PDA

View Full Version : Confused about the performance of 8 and 9 series cards...


CaptNKILL
05-27-08, 01:19 PM
Ok this is driving me nuts. :p

First, here is a list of specifications for different 8 and 9 series cards.

8800 GS = 96 stream processors, 384Mb 192bit memory @ 1400-1600Mhz, 550-680Mhz core clock

9600 GSO = 96 stream processors, 384Mb 192bit memory @ 1900Mhz, 650Mhz core clock

9600 GT = 64 stream processors, 512Mb 256bit memory @ 1800Mhz, 650Mhz core clock

8800 GT = 112 stream processors, 512Mb 256bit memory @ 1800Mhz, 600Mhz core clock


My question is, how the hell can all of these cards perform within 10%-15% of eachother in most benchmarks? On top of that, the 9600GT is a little faster than the GSO and 8800GS in most tests despite having 50% less stream processors.
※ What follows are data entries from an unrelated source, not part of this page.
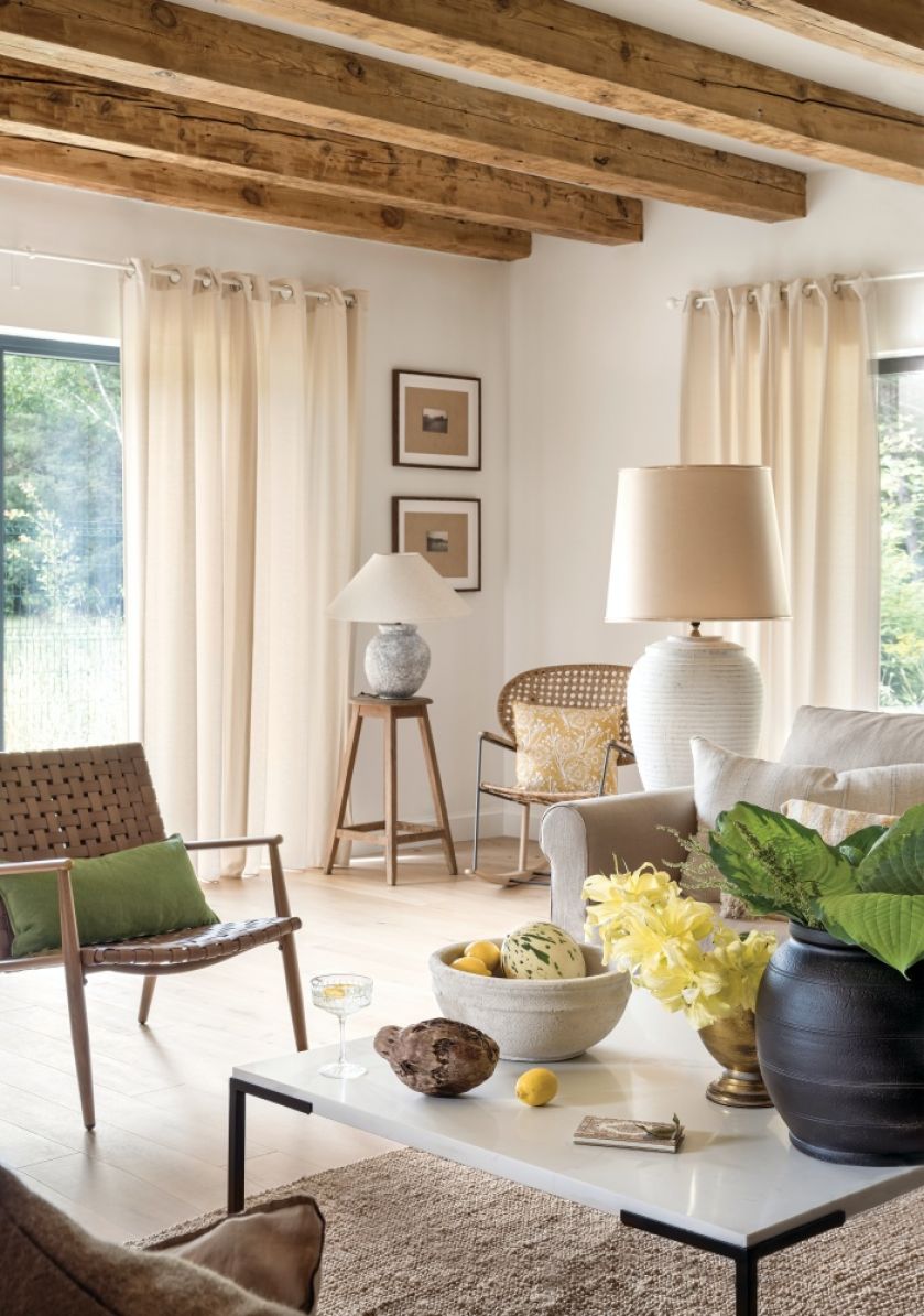 Letnisko zamienione na dom – przytulne wnętrza w kolorach ziemi urządzone naturalnymi materiałami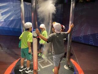 太陽の光を鏡に反射させて協力して重ねるなど、実験を楽しんでいました。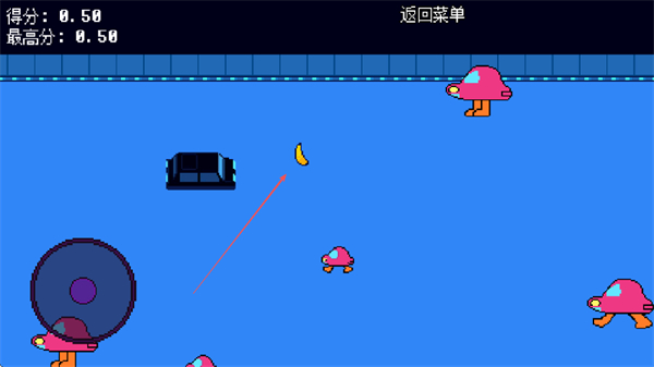 4、按照红色箭头要收集香蕉,收香蕉加分、防止敌人接触。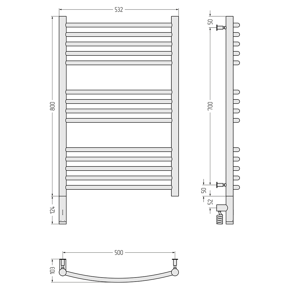Оснащение : полотенцесушитель; блок управления с кабелем; шестигранный ключ; комплект креплений; инструкция.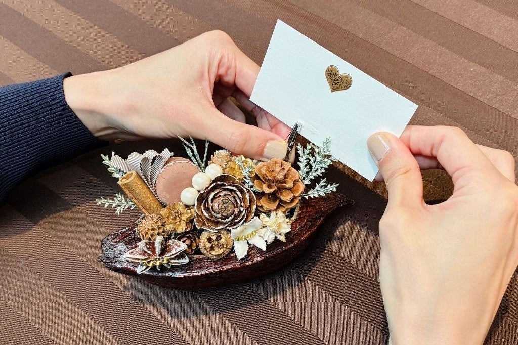 カカオポッドクラフトでは、ワイヤーを掛けたデコレーション用の木の実やスパイス、リボンなどをアレンジして、カカオポッドを装飾していきます。木の実のアレンジの基本的な方法をお伝えしますので、クラフト初心者のお客さまも安心してご参加いただける内容となっております。お好みでメモクリップを組み込むことができますので、バレンタインらしいメッセージを込めたカードやお気に入りの写真などを飾ることもできます。カカオポッドクラフトが完成した後は、会場内にご用意したブースでフォト撮影も可能です。日々を頑張るご自身へのご褒美にも、大切な人へのプレゼントにもぴったりの、世界にひとつだけのカカオポッドクラフトをお楽しみいただけます。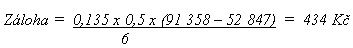 Pojistné = 0, 135 x 0,5 x (91 358 – 52 847) = 2 600 Kč

Is the number of stream processors generally meaningless? It clearly is nothing like the number of pixel pipelines that we used to keep track of back in the day. The only thing that seems to matter is the amount of memory since the performance drops off significantly in higher resolutions with the cards with less memory.

People have been talking about the terrible naming scheme for these cards for months, but I can't get over how convoluted the specs and real world performance numbers are. Without looking at benchmark results there is really NO way of knowing how fast a given card is. The model numbers and specs mean absolutely nothing. :confused:

Soetdjuret
05-27-08, 01:49 PM
8800gs and 9600gso = the same

9600gt is better than gso, and 8800gt is the superior one. Simple!

CaptNKILL
05-27-08, 02:00 PM
http://www.nvnews.net/vbulletin/attachment.php?attachmentid=31618&stc=1&d=1211855280

No, its not simple.

96 SP = slow

64 SP = fast

112 SP = faster sometimes

Why?

walterman
05-27-08, 02:03 PM
Everything depends of the game that you want to enjoy.

Generally speaking, a GPU with more SP units should help on games with complex shaders (Crysis), and a GPU with a monster memory bandwidth should help to 'sustain' all that shading power at high resolutions, with high level of AA/AF.

Also, you need to multiply the number of SP units by the shader domain frequency. You need to multiply this number by 2 (the G80/G92 can perform 2 ops per clock cycle: MADD). The result is the number of Flops (the shading power of your GPU).

Medion
05-27-08, 02:07 PM
9600GSO is a rebadged 8800GS.

9600GT (64 stream processors) compares about the same as the Radeon 3870 (320 stream processors) which is why I don't care about that number.

It's best to just look at it like this. 9600GT is current mid range, while 8800GT is last gen high end. So, you can expect somewhat similar performance (like a 7600GT and 6800Ultra).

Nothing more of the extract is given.